Duration of transient response as a function of ramp rate and amplitude range from in vivo testing (subjects ID1,2, supplementary materials table S2). The center panel shows the total time from the start of the ramping period until the signal returns to a steady state. The range of the amplitude (from the minimum value to the maximum value) is denoted by the size of the marker. (A)–(H) Sub-panels surrounding the central panel are ordered based on their ramp rate. The gray box highlights when the ramping starts, on the left edge, and when the signal returns to approximately steady state, on the right edge. Within each sub-panel is displayed the ramp rate of the run, the total range the amplitude oscillates between, and the measured impedance mismatch between the bipolar recording channels as a percentage.

Figure 9.

Step response artifact on LFP signal during ‘fast’ stim ramping at 10 mA s⁻¹. A 2 s segment of subcortical LFP recorded from pallidum of a PD patient for three different DBS settings: (A) DBS OFF, (B) DBS ON, and (C): ‘fast aDBS’. For each DBS state (column), the top row is the LFP time domain, middle row the band pass filtered signal and the bottom row is the PSD of the 2 s segment. Sandwiched sense configuration (C1 and C3 around stim contact C2). Stimulation 0–3 mA in 300 ms (ramp up = ramp down), 150 Hz frequency, 90 us. (A) DBS OFF: no neural stimulation which results in maximal amplitude of biomarker oscillation, ~10 microvolts peak (top (A) panel). (B) DBS ON: therapeutic open-loop stimulation (cathodic monopolar stim in C2 relative to IPG in chest, 3 mA, 149.3 Hz, 90 μs). (C) ‘Fast’ aDBS algorithm: top panel shows a time segment of raw LFP signal aligned with a time-varying stimulation amplitude (stimulation ramp 0–3 mA and 3–0 mA in 300 ms).

Figure 10.

DyNeuMo-2 benchtop and saline test results. (A) Transient response results of RC-R network with 680 nF–1.47 μF capacitor mismatch. (B) Transient response results of RC-R network with 1–2.2 μF capacitor mismatch. (C) Saline test transient response with 1:1 electrode no surface area mismatch. (D) Saline test transient response with 2:1 electrode surface area mismatch.

Figure 11.

Implementation of ‘fast’ aDBS in a chronically implanted patient with RC + S using optimal settings. (A) Input power feature to detector (blue trace) and corresponding transitions of stimulation current (orange trace) following power threshold crossing (dashed black line). (B) The linear discriminant LD0 (blue trace) is the averaged output of the power (blue trace is the average of 2 FFT power values in (A)).

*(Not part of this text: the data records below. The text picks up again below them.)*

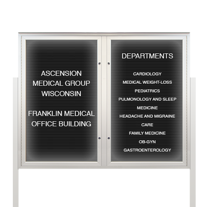 Our collections of enclosed outdoor letter boards display cabinets have hinges in different locations, such as top or bottom hinged message centers and left or right hinged cases. No matter the location of these hinges, it's simple to open your display cabinet and make changes to your sign. If you're looking to maximize the viewable area of your letter board, select one of our message boards with sliding doors. These lockable sliding doors protect your letter board, but with less frame width, the viewing area of the letter board is more considerable.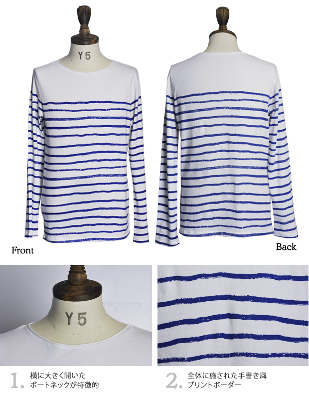 手書きボーダーボートネック長袖カットソー / Audience [AUD1288]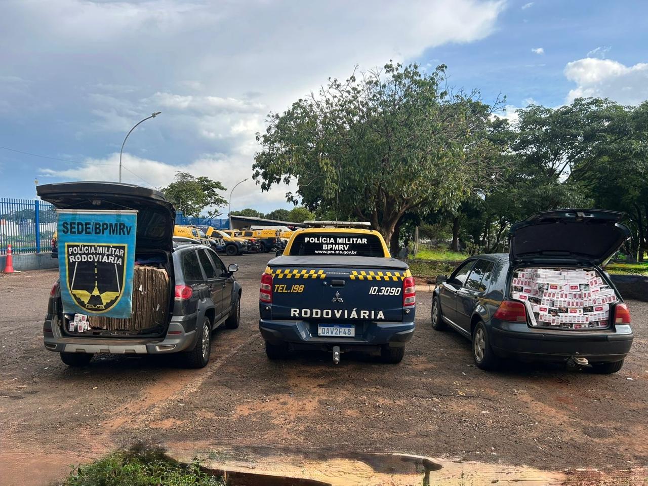 O primeiro flagrante foi de um veículo Palio Weekend, carregado com 400 pacotes de cigarros de origem estrangeira, além de três bolas de pneus contendo cinco unidades cada e outros produtos descaminhados.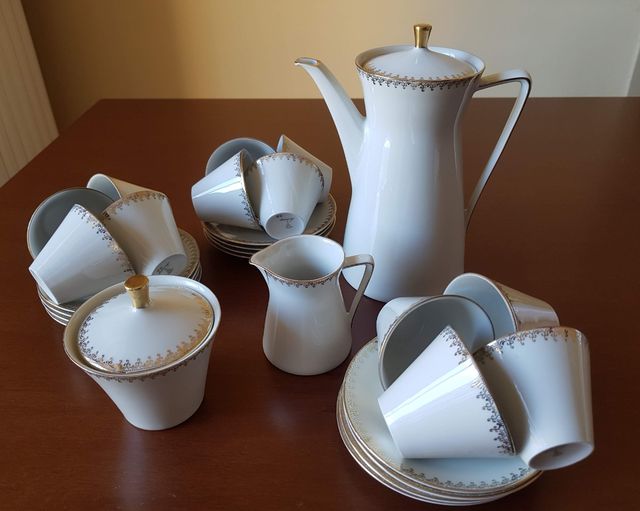 Dettagli del prodottoVendo servizio da caffè in porcellana "Bavaria Schirnding" con greca in oro.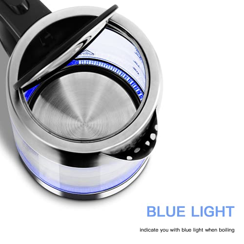 Bollitore in vetro, 1.7 l, 2200 W, con funzione di spegnimento automatico, funzione di riscaldamento rapido, bollitore in vetro, teiera con funzione di mantenimento in caldo, senza BPA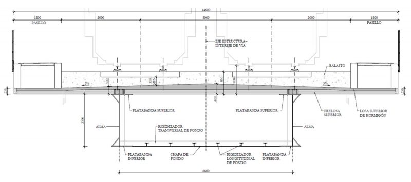 Las almas del cajón se disponen separadas 6,60 m con voladizos laterales de 4 m. La elección de la separación de las almas, además de para permitir disponer de vuelos laterales compatibles con la no utilización de elementos como costillas o jabalcones, se ha elegido de manera que los carriles exteriores de cada vía resulten casi coincidentes con las almas del cajón, limitando de este modo las solicitaciones transversales. En la parte exterior se rigidizan las almas del cajón con células inclinadas.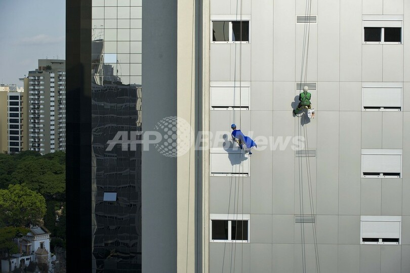 病院の窓ふきするスーパーヒーロー、ブラジル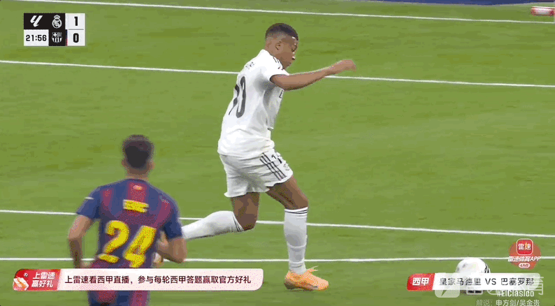 雷速体育10月26日讯 西甲第10轮,西班牙国家德比,皇家马德里坐镇主场伯纳乌迎战巴塞罗那。比赛第22分钟,姆巴佩接贝林厄姆直塞先拔头筹。姆巴佩进球GIF 由此,姆巴佩将个人五大联赛的进球数提升至233球,追平了亨利在该项数据上的纪录。法国球员五大联赛进球数前三1、本泽马 2812、拉孔贝 2553、姆巴佩 2333、亨利 233

The algorithm blanking segment (lockout period) of 550 ms at the onset of a threshold cross (states 0–2 and 2–0) is depicted with a red rectangle. The detection state (orange trace) changes value with threshold crosses of LD0, with state 2 indicating a detector increase, state 1 (‘hold’) indicating LD0 within thresholds (in case upper and lower threshold) and state 0 indicating a detector decrease below threshold event. Note: after second 8, the sudden stimulation transition from high to low creates a prominent increase in power, with algorithm blanking of 550 ms or shorter (e.g. 250 ms, duration of the ramp) sufficing to avoid reentrant loop.

Figure 12.

1 mV impulse response of a 6th order Butterworth with 1 and 5 Hz envelope detection filter.